Similarly, when we do:

```
size_t s = (size_t) -1
```

There is a type conversion going on. The `-1`

is of type `int`

. It has a bit-pattern, but that is irrelevant for this example because when the conversion to `size_t`

takes place due to the cast, the compiler will translate the *value* according to the rules for the type (`size_t`

in this case). Thus, even if `int`

and `size_t`

have different sizes, the standard guarantees that the value stored in `s`

above will be the maximum value that `size_t`

can take.

If we do:

```
long j = LONG_MAX;
int i = j;
```

If `LONG_MAX`

is greater than `INT_MAX`

, then the value in `i`

is implementation-defined (C89, section 3.2.1.2).

answered 9 years ago Jerry Coffin #4

Your first question, about why `(unsigned)-1`

gives the largest possible unsigned value is only accidentally related to two's complement. The reason -1 cast to an unsigned type gives the largest value possible for that type is because the standard says the unsigned types "follow the laws of arithmetic modulo 2^{n} where n is the number of bits in the value representation of that particular size of integer."

Now, for 2's complement, the representation of the largest possible unsigned value and -1 happen to be the same -- but even if the hardware uses another representation (e.g. 1's complement or sign/magnitude), converting -1 to an unsigned type must still produce the largest possible value for that type.

answered 9 years ago pmg #5

Two's complement is very nice for doing subtraction just like addition :)

11111110 (254 or -2) +00000001 ( 1) --------- 11111111 (255 or -1) 11111111 (255 or -1) +00000001 ( 1) --------- 100000000 ( 0 + 256)

answered 3 years ago trinalbadger587 #6

Because the bit pattern for an int -1 is FFFFFFFF in hexadecimal unsigned. 11111111111111111111111111111111 binary unsigned.

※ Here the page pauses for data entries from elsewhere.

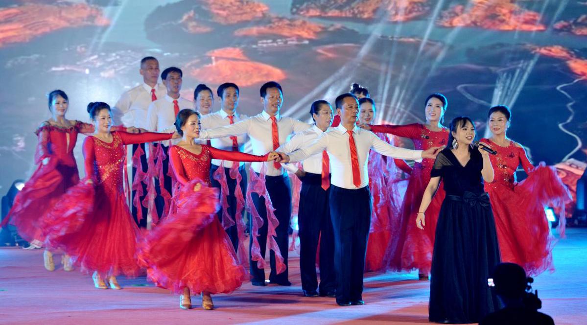 10月1日,在江西省德兴市凤凰湖畔,由本地群众自编自演的开场歌舞《我和我的祖国》为本次活动添彩增色。
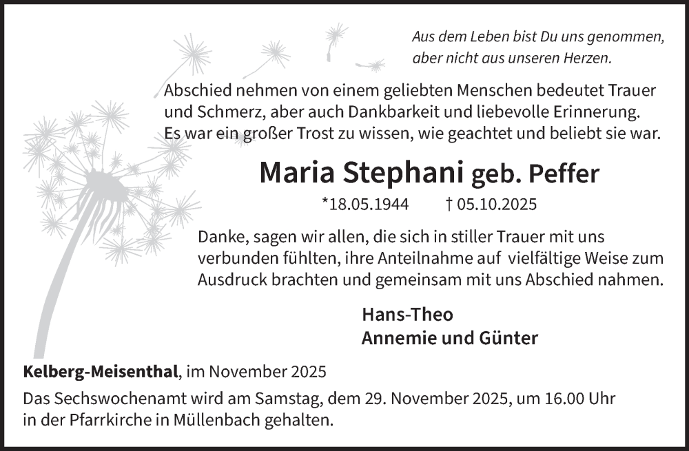 Hier finden Sie alle Traueranzeigen aus der Zeitung, die bisher für Maria Stephani erschienen sind. Weitere Traueranzeigen, die in der Zeitung erscheinen, werden hier ebenfalls aufgelistet
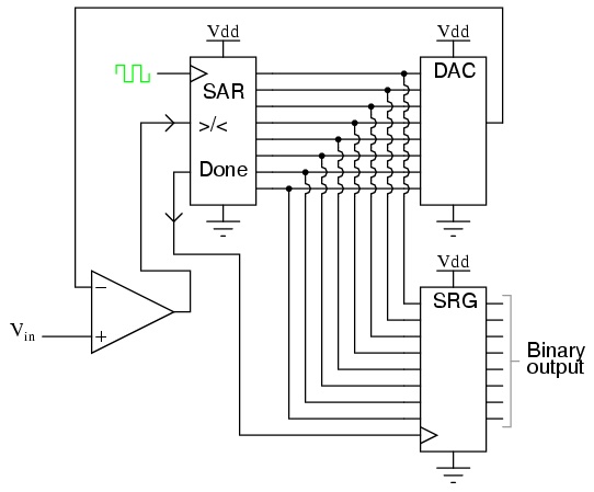 SAR(Successive Approximation Register)로 최상위 비트에서 하위 비트 쪽으로 순서대로 수정하는 방법을 사용하여 DAC의 출력을 빠르게 아날로그 입력전압에 근사시킬 수 있다. 그래서 비교적 변환시간이 빠르고 회로도 간단하여 저렴하다는 장점을 갖고 있다. 저가형이면서 분해능이 비교적 높은 ADC에 주로 사용되며, SAR은 입력 전압이 항상 일정해야 하기 때문에 S/H가 필요하다.
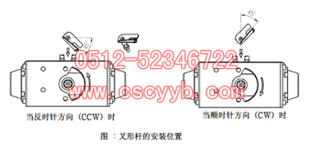 4.確認執行機構軸的回轉方向后,設定為起始點后,如圖安裝叉形桿。請注意順時針和反時針旋轉時起始點的位置。叉形桿的安裝角度得跟水平軸成45度。NAMUR桿時沒有關系。
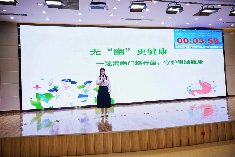 比赛现场,刘志燚以饱满的热情、通俗易懂的表达、贴近群众的科普内容登台展示,重点介绍幽门螺杆菌是Ⅰ类致癌物,具有传播途径多,症状隐蔽等特点,并普及预防法,介绍筛查优势及重点人群,将专业医学知识转化为群众听得懂、用得上、记得住的健康常识,生动诠释了我院职工“普及健康知识、传播科学理念、服务百姓健康”的责任与担当,赢得了现场评委与观众的一致认可与热烈掌声。
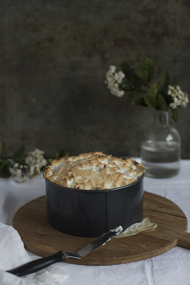 Añadimos el contenido del bol al merengue y lo removemos con suavidad. A continuación lo colocamos sobre el bizcocho de chocolate, sin desmoldar y lo volvemos a meter en el horno por segunda vez el tiempo justo y necesario para que se dore el merengue; unos minutos. Esperamos a que se enfrié para desmoldar.
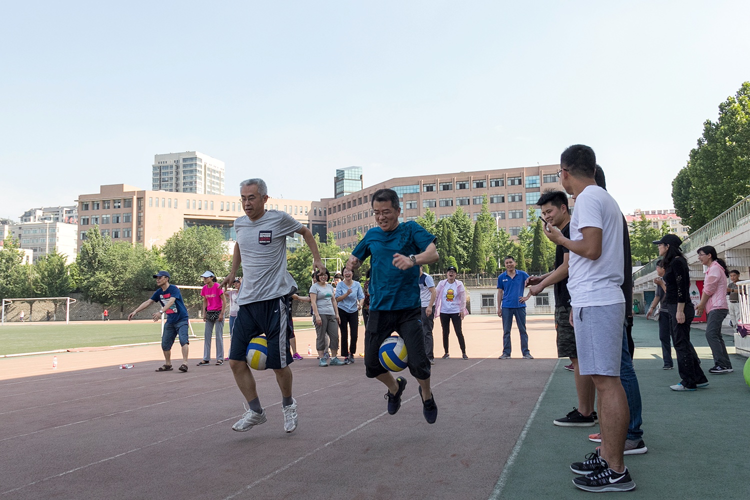 为使教工们在工作之余放松身心,增强体魄,6月8日下午,天天澡日日澡狠狠澡欧美在燕山校区田径场举办了一场别开生面的教工趣味运动会。本次比赛共进行了海底捞月、小马过河、夹球跑3个项目。我院教师积极响应,全体教师分为四队积极参加比赛,比赛场上大家卯足全力、竞争激烈又不失活泼轻松,到处是一片加油呐喊和欢声笑语。
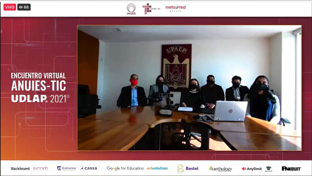 La entrega de reconocimientos se llevó a cabo en el Encuentro Virtual ANUIES-TIC UDLAP 2021, «Perspectivas y retos de la educación digital en las instituciones de educación superior». En la sesión participaron de forma virtual también la Dra. Cecilia Ramos Estrada, Secretaria General de la UG, el Dr. Sergio Antonio Silva Muñoz, Secretaria Académico; el Dr. Salvador Hernández Castro, Secretario de Gestión y Desarrollo; del Titular Unidad de Apoyo al Desarrollo Educativo, Mtro. David Cabrera Ruiz; y del Director de Servicios y Tecnologías de la Información, Mtro. Guillermo Carrillo Gallardo.
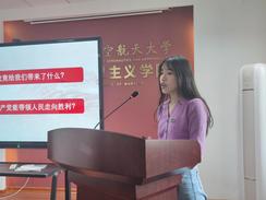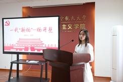 首先,由初赛选拔出的十名选手依次进行了激烈角逐。李哲、宋青励、施张桐从宏观角度对百年党史进行了总体介绍;王梦迪、马晓萌、姜明敏从中观角度对抗日战争的历史意义、马克思主义在中国的早期传播、沙海变绿洲等具体领域和重要方面进行了讲述;陈琳、贾会娟、王棋、周蕾从微观角度对中国共产党命名问题、雨花英烈精神、革命烈士杨开慧的事迹、“红船精神”等方面进行介绍。每位同学宣讲结束后抽取一道党史知识测试题进行作答,评委老师根据每位选手综合表现进行打分。
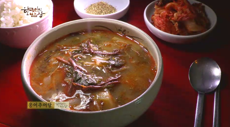‘웅어추어탕’은 물에 웅어를 넣고 푹 끓입니다. 그리고 채에 걸른 뒤에 미지근한 물을 부으면서 살을 으깨서 뼈를 걸러 내고 국물에 고사리, 숙주, 부추 등을 넣고 된장 한숟가락 넣고 푹 끓입니다. 양념장을 넣고 끓입니다.
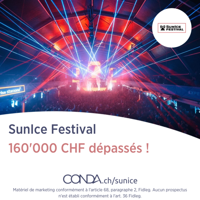 Depuis la semaine dernière, je suis disponible sur conda.ch pour la campagne de crowdinvesting du festival SunIce. Le festival se décrit comme le « Coachella des montagnes » et a réussi à enthousiasmer 20 000 invités lors de sa dernière édition. L’équipe voit un énorme potentiel de croissance et souhaite prendre son envol avec toi en tant
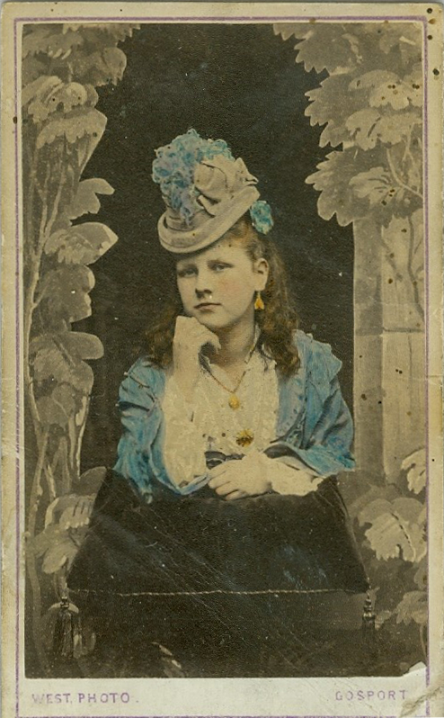 Woman resting on a cushion looking through a stonework and foliage foreground
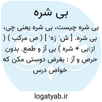 بی شره. [ ش َ رَه ْ ] ( ص مرکب ) ( از:بی + شره ) بی آز و طمع. بدون حرص و آز:
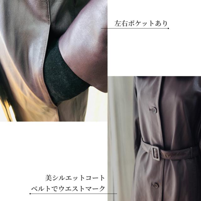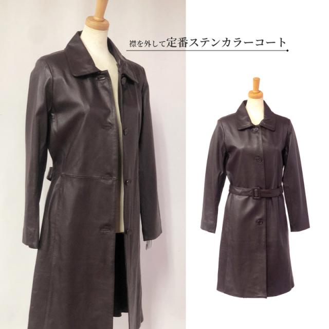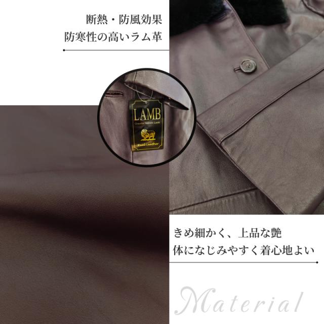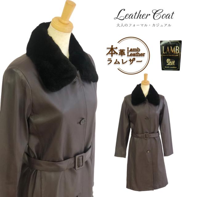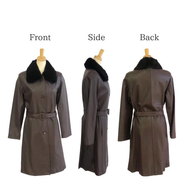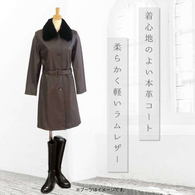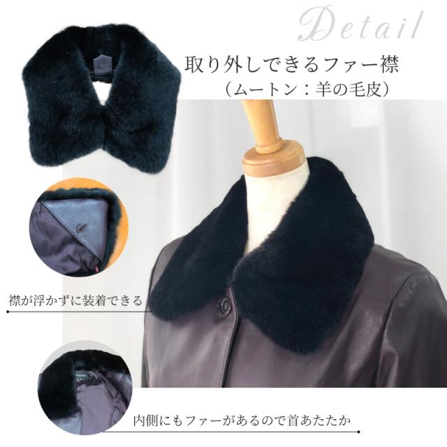 本革 レザーコート レディース ラム革 羊革 ムートン ファー付 秋 冬 ステンカラーコート フォーマル カジュアル アウター 革コート 女性 大人 上品 M 3L 9号 15号 レザー コート レザージャケット 革 ギフト プレゼント 防寒 防風 断熱効果 付け襟 ベルト付き

But in int the first bit signifies whether it is negative. But in unsigned int the first bit is just extra number because a unsigned int cannot be negative. So the extra bit makes an unsigned int able to store bigger numbers. As with an unsigned int 11111111111111111111111111111111 (binary) or FFFFFFFF (hexadecimal) is the biggest number a uint can store. Unsigned Ints are not recommended because if they go negative then it overflows and goes to the biggest number.